Developer Tools

llama.cpp b9106 adds asymmetric Flash Attention on Vulkan

New release boosts LLM inference speed on NVIDIA GPUs via Vulkan path

Deep Dive

llama.cpp, the popular C++ inference engine for large language models, has released version b9106 with a notable improvement for Vulkan users. The update adds asymmetric Flash Attention (FA) support to three Vulkan code paths: scalar, mmq (matrix multiplication quantized), and coopmat1 (cooperative matrix). Flash Attention is a memory-efficient attention algorithm that reduces the quadratic memory bottleneck in transformer models. Asymmetric FA further optimizes it for variable-length sequences, critical for real-world chat and document processing.

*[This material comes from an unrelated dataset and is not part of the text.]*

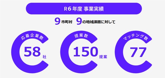 令和5年度から実施されている本プログラムでは、令和6年度は9市町村の9の課題に対して全国58社の企業から、150件の提案がありました。うち、77件がマッチングにつながり、市町村における事業化や連携協定の締結、実証実験の実施に至った企業があります。

Beyond the Vulkan enhancements, the release includes precompiled binaries for an extensive list of platforms: macOS Apple Silicon (both standard and KleidiAI-enabled), macOS Intel, iOS XCFramework, Linux (x64/arm64/s390x with CPU or Vulkan), Ubuntu (ROCm, OpenVINO, SYCL), Windows (CPU, CUDA 12/13, Vulkan, SYCL, HIP), Android arm64, and openEuler (with ACL Graph). Developers using any hardware backend can drop in the new binaries for potential speed and memory improvements. The release contains 30 assets, reflecting the breadth of supported configurations.

Key Points
  • Adds asymmetric Flash Attention to Vulkan scalar, mmq, and coopmat1 paths for faster inference
  • Prebuilt binaries for macOS, Linux, Windows, Android, iOS, and openEuler with multiple GPU backends
  • Increases memory efficiency for LLM inference on Vulkan-enabled hardware (NVIDIA, AMD, Intel)

Why It Matters

Vulkan-powered LLM inference gets a crucial memory optimization, enabling faster runs on more hardware without CUDA.